Trees with non log-concave independent set sequences
David Galvin
TL;DR
The paper addresses whether the independent set sequence $(i_t(T))_{t=0}^{\alpha(T)}$ of a tree is always log-concave, demonstrating that this property can fail even as $\alpha(T)$ grows without bound. It introduces the two-parameter family $T_{m,t}$, shows that for large $t$ and $m$ with $t \le m \le 2^{t/16}$ the log-concavity breaks at $mt+2$, and derives asymptotic counts $i_{T_{m,t}}(mt+2)$ and $i_{T_{m,t}}(mt+3)$ to certify the inequality. This resolves Kadrawi and Levit's conjecture and clarifies limitations of log-concavity in trees, while further discussing structural reasons and open questions about how far the breakdown can occur.

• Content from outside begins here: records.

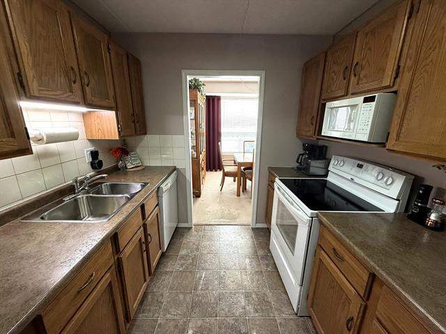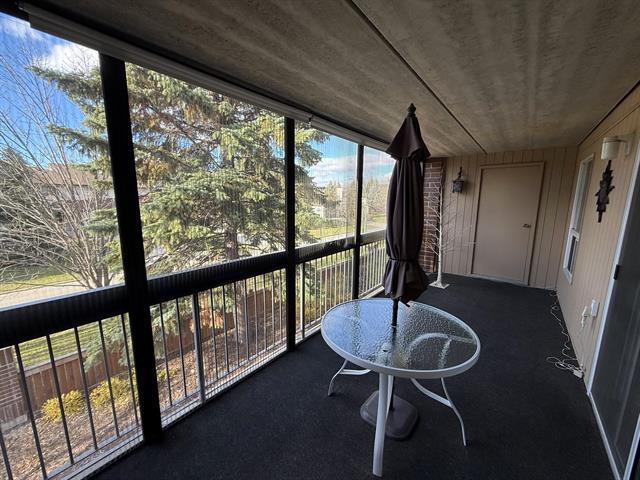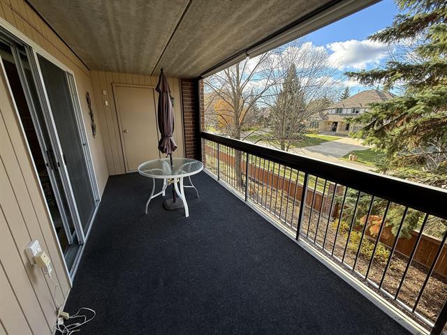 Move in and enjoy! This well located and meticulously maintained 2 bedroom, 2 bathroom condo is sure to impress! Enter the bright and spacious L-shaped living room and dining room with electric fireplace, kitchen with oak cabinets, full main bath. Primary bedroom with an abundance of closet space, 4pc en-suite, good sized second bedroom. Second floor end unit, southwest corner, patio doors to large west setting balcony. Enjoy to the open air balcony or pull across the custom screen enclosure! In-suite laundry, heated under-ground parking stall, 6 appliances included and more! This one shines!
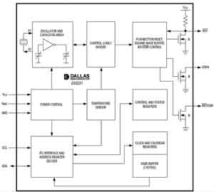 本节将以Maxim公司的DS32kHz温补晶体振荡器为例,介绍通过改变晶体负载电容修正由于温度变化产生的频偏的概念,如图2所示,Maxim的这项内部校准技术还获得了专利。DS32kHz可以作为大多数系统的32kHz输入,如RTC或内置RTC的微控制器。
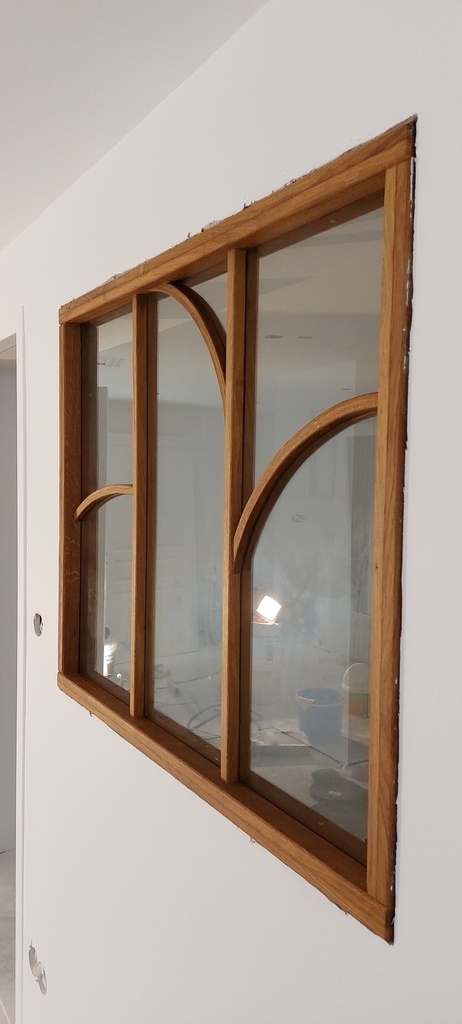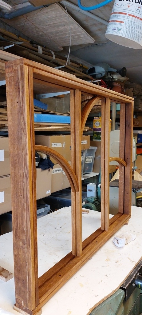 Il n'y a qu'une seule vitre qur toute la verriere. Elle est prise en sandwich entre les montants et le parties arrondies que j'ai réalisées en symatrique.
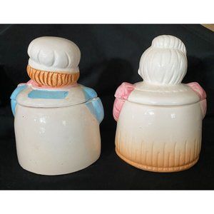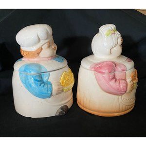 Vintage Porcelain Grandma Grandpa Baker Containers Jars with Lids
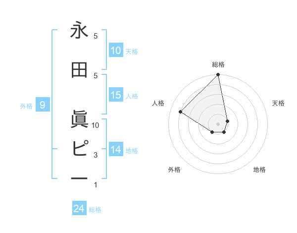 永田 眞ピーさんを姓名の画数から五運を鑑定
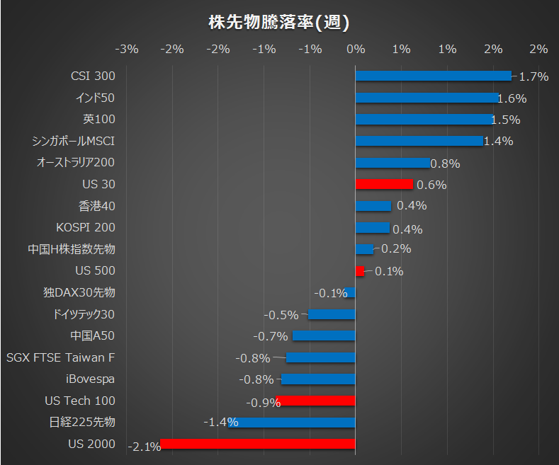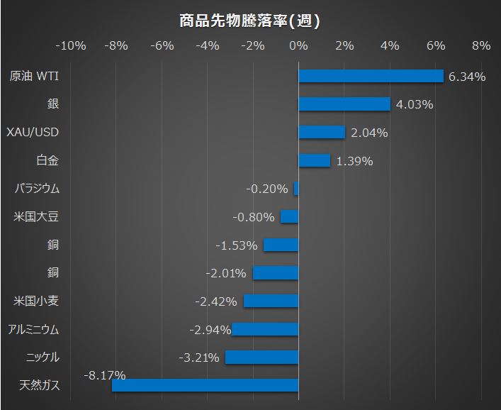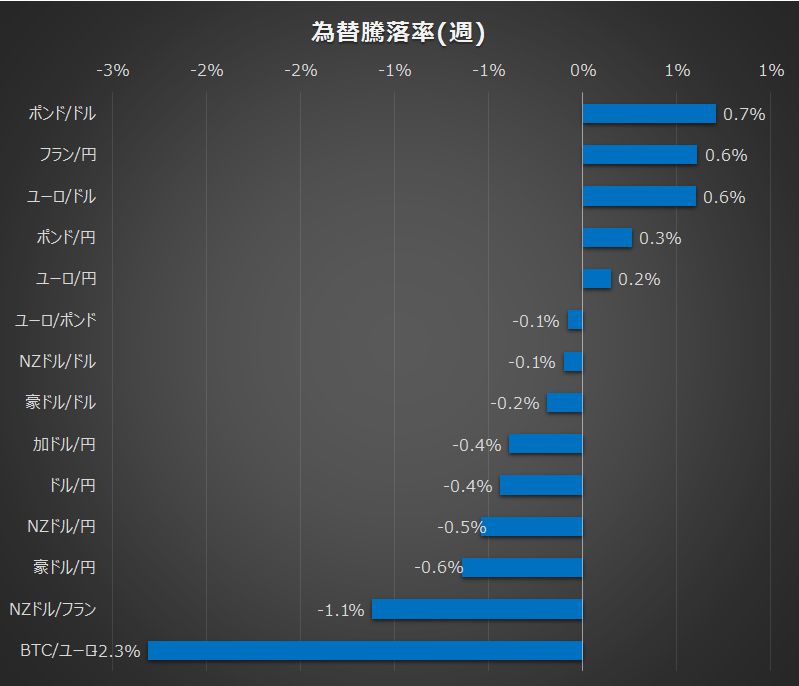 各資産の週次の騰落は以下の通りです。
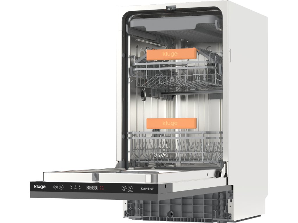 Plne vstavaná umývačka riadu s kapacitou 11 súprav riadu a šírkou 45 cm, ideálna do menších kuchýň; Medzi hlavné vlastnosti patrí 6 umývacích programov a 6 teplôt; Biely LED displej s dotykovým ovládaním; Kĺzavý systém uchytenia nábytkových dvierok SlidingDoor; Výška dekoračných dvierok 66 ~ 80 cm; Automatické otváranie dvierok; Info time light premietanie času na podlahu; Invertorový motor; Odložený štart až o 24 hodín; Vnútorné usporiadanie ponúka tretí horný zásuvný košík na príbory a nastaviteľný horný kôš; Pre úsporu vody a energie môžete zvoliť umývanie v hornom, spodnom alebo oboch košoch; Sklopné hroty v spodnom koši; Hlučnosť 45 dB(A); Energetická trieda C; Spotreba energie je 63 kWh na 100 cyklov a vody 9,2 l na cyklus. Rozmery (VxŠxH): 81,5 ~ 87,5 x 44,8 x 55 cm

Additionally, it verifies that the auxiliary graph family $S_{t,2}$ remains log-concave, contributing a piece to the overall understanding of independent set sequences in tree-like structures.
Abstract
We construct a family of trees with independence numbers going to infinity for which the log-concavity relation for the independent set sequence of a tree $T$ in the family fails at around $α(T)\left(1-1/(16\log α(T))\right)$. Here $α(T)$ is the independence number of $T$. This resolves a conjecture of Kadrawi and Levit.